AbstractsComputer Science

Unsupervised video segmentation and its application to activity recognition

by Hsien Ting Cheng




Institution: University of Illinois – Urbana-Champaign
Department: 1200
Degree: PhD
Year: 2015
Keywords: segmentation
Record ID: 2057929
Full text PDF: http://hdl.handle.net/2142/72891


Abstract

We addressed the fundamental problem of computer vision: segmentation and recognition, in the space-time domain. With the knowledge that generic image segmentation introduces unstable regions due to illumination, com- pression, etc., we utilized temporal information to achieve consistent 3D video segmentation. By exploiting non-local structure in both spatial and temporal space, the instabilities of the segmented regions were alleviated.

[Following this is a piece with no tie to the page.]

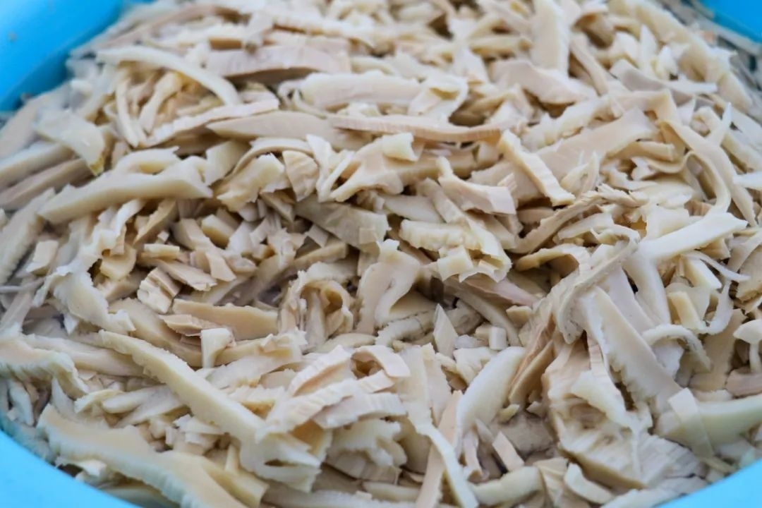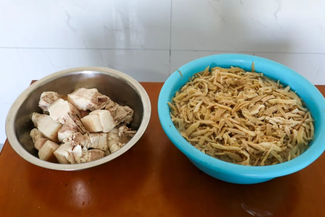 张明华说:“笋干要切得细一点,这样容易煮,汤汁才会被吸收,不仅好看,吃起来也好吃。第一遍煮好后,再将笋干切丝,用清水清洗。”

A segmentation tree was built within every frame, and the label consistency was enforced within each subtree (i.e. spatial clique). By roughly tracking 2D regions across each frame, temporal clique was built in which label consis- tency was enforced as well. The high-order (more than binary) Conditional Random Field (CRF) is designed and solved efficiently. Experimental results demonstrate high-quality segmentation quantitatively and qualitatively. Taking segmented 3D regions, called tubes, as input, we developed an activity recognition framework not only to determine which activity existed in a video but also to locate where it happens. A robust tube feature was extracted with photometric and shape dynamics information. Activity was described as a Parts Activity Model (PAM) with a root template and four- part template under the root. Given the nature of the activity recognition problem that only some parts on the video were used to determine the activity label, we used Multiple Instance Learning (MIL) to formulate the problem. Latent variables included a tube index and the parts location under the root template. Experiments were conducted on three well-known datasets and a state-of-the-art result was achieved.